From the first line of the records below through the line with "从2020-2021年卧式数", output each line exactly; skip the pictures.

━━━━━━

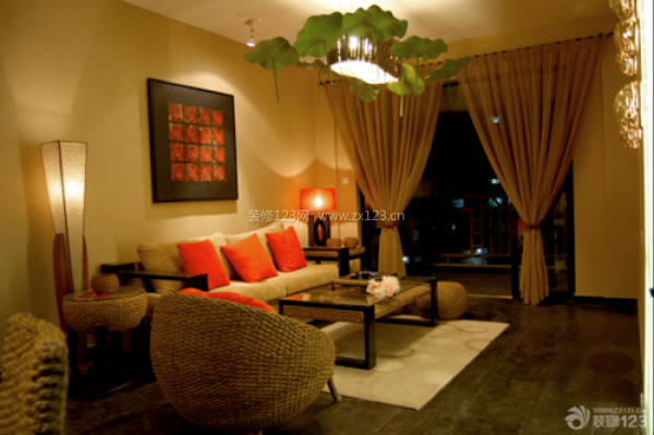 (4)如果房間較低,可用吸頂燈加落地?zé)簦@樣客廳顯得明快大方,具有時(shí)代感。燈具的造型與色彩要與客廳的家具擺設(shè)相協(xié)調(diào)。
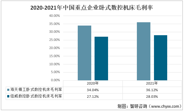 从2020-2021年卧式数控机床占总营业收入的比重来看,纽威数控中卧式数控机床占营收的比重高于海天精工,海天精工卧式数控机床占营业收入的比重逐年上升,纽威数控占营收的比重下降幅度不大,2021年海天精工卧式数控机床占总营业收入的比重为15.96%,纽威数控占比22.88%。
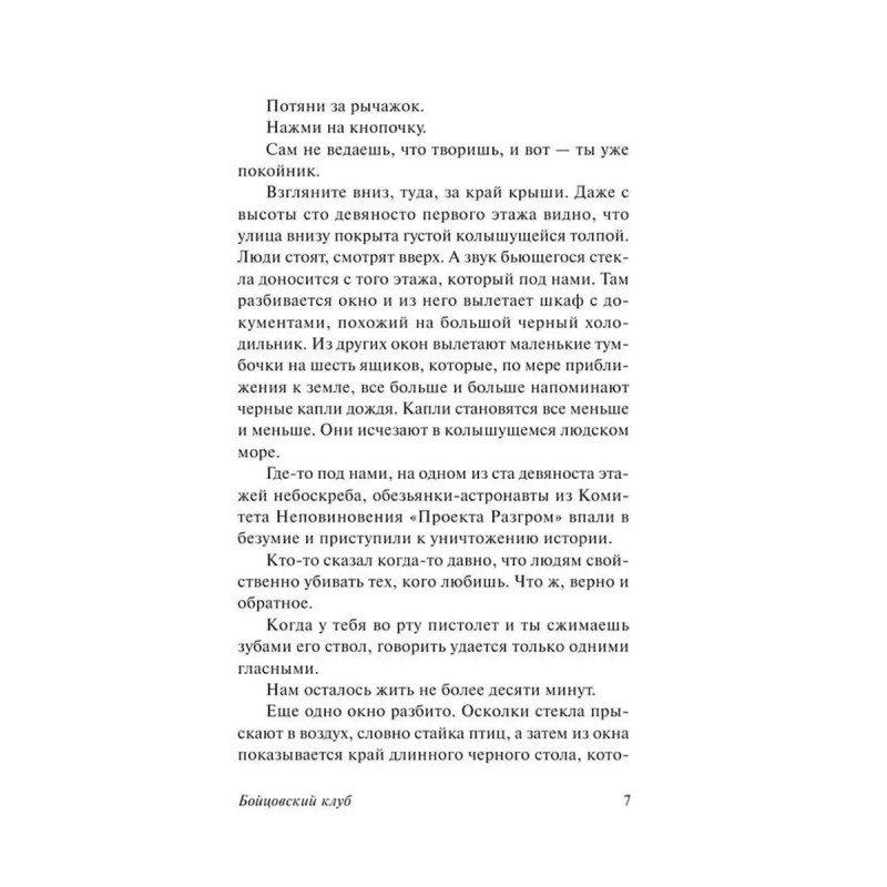 "Бойцовский клуб" самый знаменитый роман Чака Паланика. Все помнят фильм режиссера Дэвида Финчера с Брэдом Питтом в главной роли? Он именно по этой книге. Это роман-вызов, роман, созданный всем назло и вопреки всему, в нем описывается поколение озлобившихся людей, потерявших представление о том, что можно и чего нельзя, где добро и зло, кто они сами и кто их окружает. Сам Паланик называет свой "Бойцовский клуб" новым "Великим Гэтсби". Какие же они эти Гэтсби конца XX века?
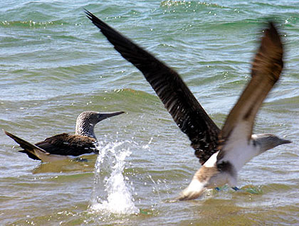 The NG Islander dropped anchor and we went for a panga ride around Champion Islet. We were delighted to find a couple of the rare Charles mockingbirds. These birds used to be numerous on Floreana but are now reduced to small populations on Champion and Gardner Islets. We also saw tropic birds in their nests, swallow tailed gulls, sea lions and a variety of short, stout prickly pear cactus endemic to Floreana.
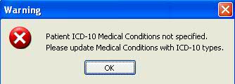When the Patient Record is accessed and the clinical checking option above (Display Warning if Patient ICD-10 is Blank) = Y, a warning displays when ONLY ICD-9 Medical Conditions exist for the patient. This message continues to display until an ICD-10 Code is added to the Patient Record, Medical Conditions screen.
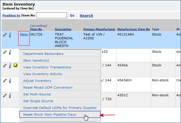 On the User Profile Authorities tab, the field Allow Pipeline Days Reset controls access to the menu option Reset Stock Item Pipeline Days on the item inventory menu (Figure 13).
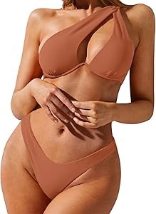 Риббленый купальник с сексуальным верхом на одно плечо и низом с высоким вырезом подчеркнет ваши формы и сделает вас более привлекательной.
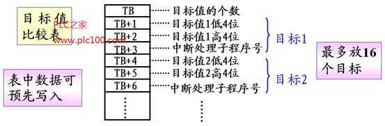 在高速計(jì)數(shù)器計(jì)數(shù)過(guò)程中,若其當(dāng)前值與比較表中某個(gè)目標(biāo)值相同時(shí),則停止執(zhí)行主程序而轉(zhuǎn)去執(zhí)行與該目標(biāo)值對(duì)應(yīng)的子程序。
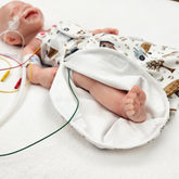 Unsere Frühchenkollektion wurde in Zusammenarbeit mit Ärzten und Pflegepersonal entwickelt und im Alltag erprobt. Unser Hauptaugenmerk lag nicht nur auf der Passform, sondern auch auf den pflegerischen und medizinischen Anforderungen. Mit unseren einfach zu handhabenden Schnitten ist es den Frühcheneltern möglich, die Pflege ihres Babys schon zu einem sehr frühen Zeitpunkt zu übernehmen. Durch die frühe Versorgung durch die Eltern kann viel schneller eine emotionale Bindung aufgebaut/ intensiviert werden, die das Risiko von Entwicklungsdefiziten beim Baby reduziert und traumatische Erfahrungen auf elterlicher Seite minimiert.

━━━━━━

Exercise output:
 (4)如果房間較低,可用吸頂燈加落地?zé)簦@樣客廳顯得明快大方,具有時(shí)代感。燈具的造型與色彩要與客廳的家具擺設(shè)相協(xié)調(diào)。
 从2020-2021年卧式数控机床占总营业收入的比重来看,纽威数控中卧式数控机床占营收的比重高于海天精工,海天精工卧式数控机床占营业收入的比重逐年上升,纽威数控占营收的比重下降幅度不大,2021年海天精工卧式数控机床占总营业收入的比重为15.96%,纽威数控占比22.88%。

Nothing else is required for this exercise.